Jennifer Morrell, a former local election official and national expert on post-election audits, is a partner at The Elections Group.
Writing in the Washington Post:
I watched the GOP’s Arizona election audit. It was worse than you think.
I was stunned to see spinning conveyor wheels, whizzing hundreds of ballots past “counters,” who struggled to mark, on a tally sheet, each voter’s selection for the presidential and Senate races. They had only a few seconds to record what they saw. Occasionally, I saw a counter look up, realize they missed a ballot and then grab the wheel to stop it. This process sets them up to make so many mistakes, I kept thinking. Humans are terrible at tedious, repetitive tasks; we’re especially bad at counting. That’s why, in all the other audits I’ve seen, bipartisan teams follow a tallying method that allows for careful review and inspection of each ballot, followed by a verification process. I’d never seen an audit use contraptions to speed things up.
This is important, and I want to emphasize, many people are terrible at counting. I have no experience at vote counting or recounting, but I’ve done innumerable retail store inventories using human counters.
Some of the smartest nicest people you’d ever be able to meet couldn’t accurately count to 25 if their lives depended on it.
That’s why an accurate process builds in checks and redundancies to catch and minimize the inevitable human errors.
Each table had three volunteers tallying the ballots, and their tally sheets were considered “done” as long as two of the three tallies matched, and the third was off by no more than two ballots. The volunteers recounted only if their tally sheets had three or more errors — a threshold they stuck to, no matter how many ballots a stack contained, whether 50 or 100. This allowed for a shocking amount of error. Some table managers told the counters to recount when there were too many errors; other table managers just instructed the counters to fix their “math mistakes.” At no point did anyone track how many ballots they were processing at their station, to ensure that none got added or lost during handling.
Seems likely a lot of these Ninja vote counters are Trumpista believers in the Big Lie, so who really knows what they’d do if a supervisor told them to fix their “math mistakes”?
Jennifer Morrell goes on to talk about bamboo, and cheese dust, and concludes: “This is not an audit, and I don’t see how this can have a good outcome.”
With any reliable counting system, you have a detailed and rigorous set of procedures in place, to be scrupulously followed from the count of the first ballot or piece of retail merchandise. Morrell reports that the supervisors were changing and modifying procedures as they went along with this travesty.

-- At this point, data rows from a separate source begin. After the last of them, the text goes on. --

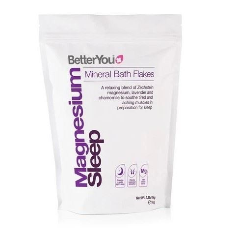 BetterYou Magnesium Sleep Flakes are pure magnesium bath flakes blended with calming lavender and chamomile essential oils to support relaxation and restful sleep. Made with 100% natural Zechstein magnesium chloride, they help slow sensory activity and prepare the body and mind for bedtime.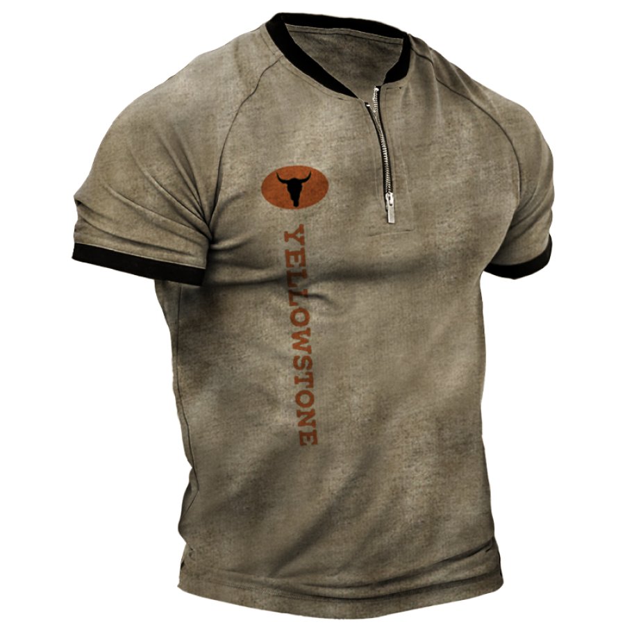 t-shirts,men's retro color block yellowstone print zipper collar t-shirt polo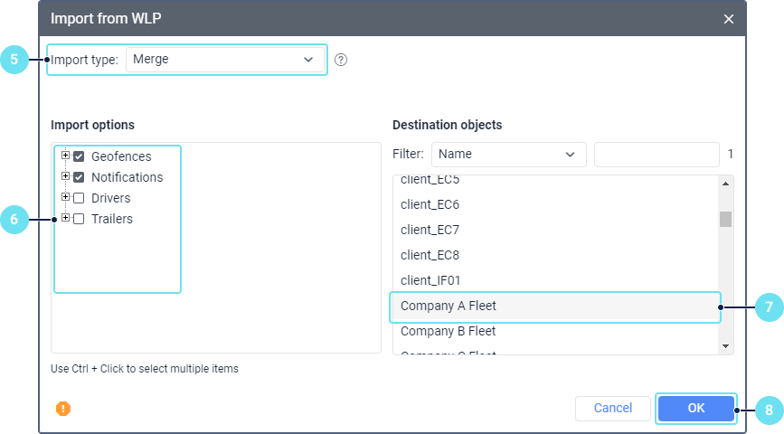 In the import window that opens next (the mechanism of restoring is similar to import from WLP), select the import type.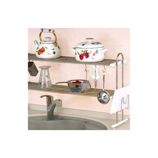 組み立てて置くだけ!!キッチンの整理に便利な収納棚です。設置場所に合わせて、幅を伸縮することができます。錆びに強く清潔なステンレス製。ふきん掛け、フック、角ポケット、まないた受けもセットになっているので、台所まわりがすっきり片付きます!!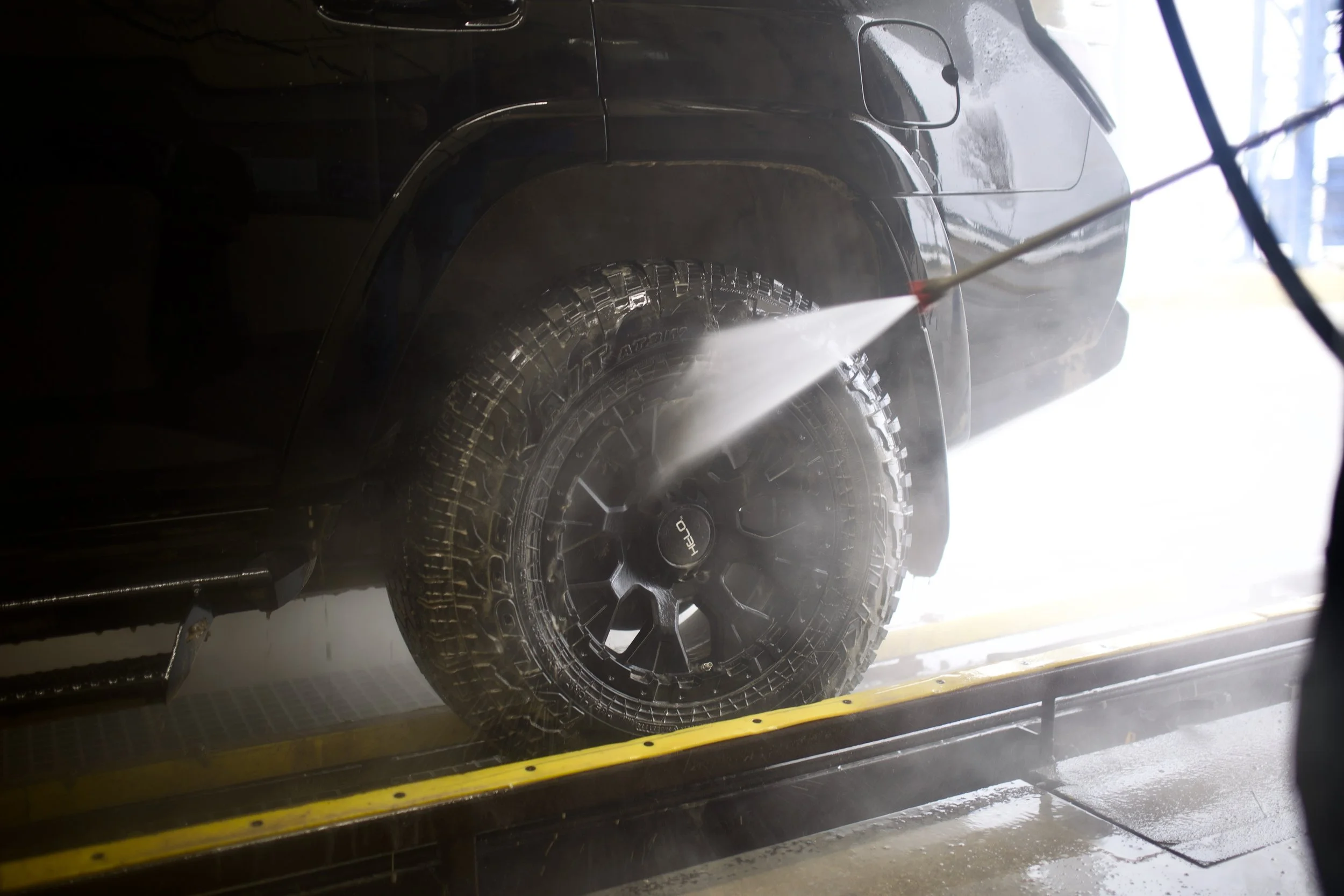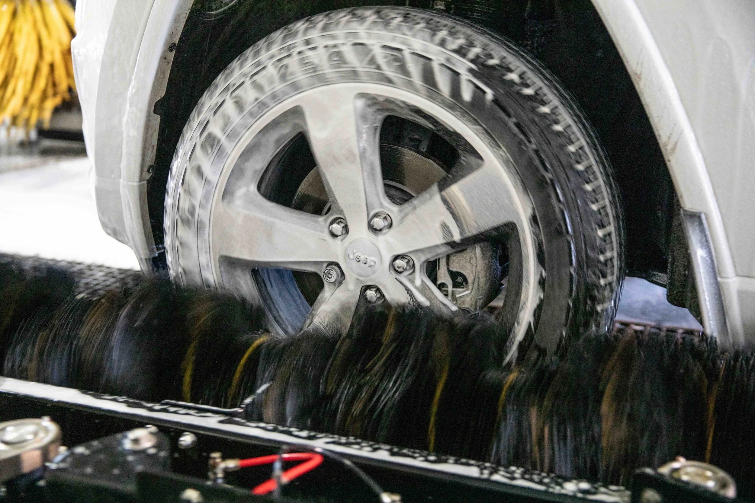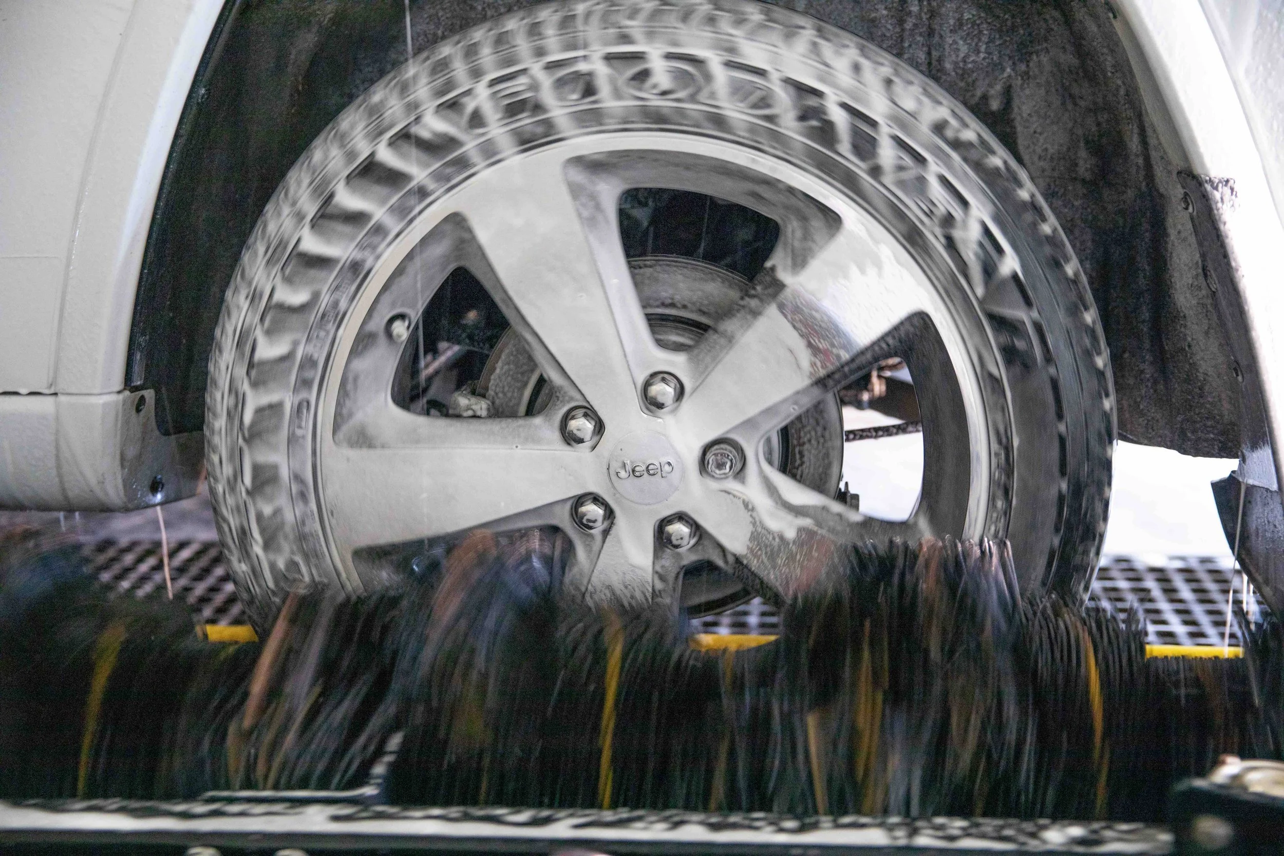 Then your vehicle goes through the wash. Only after the tire is fully cleaned and washed do we apply the shine.

The process Morrell describes is inaccurate and fatally flawed. But it doesn’t appear to be an effort to outright change the Maricopa County election results. Rather, the GOP sponsors and the incompetent Ninjas are believers in the Big Lie, and thought just inspecting the ballots would reveal the fraud that allowed Democrats to steal the election.
It’s not going to make any difference to the GOP what the recount total is. If an inaccurate recount reveals a Biden victory, they’ll just believe it means the election thieves were more devious and tricky with their cheating than previously thought. So it goes with conspiracy theorists.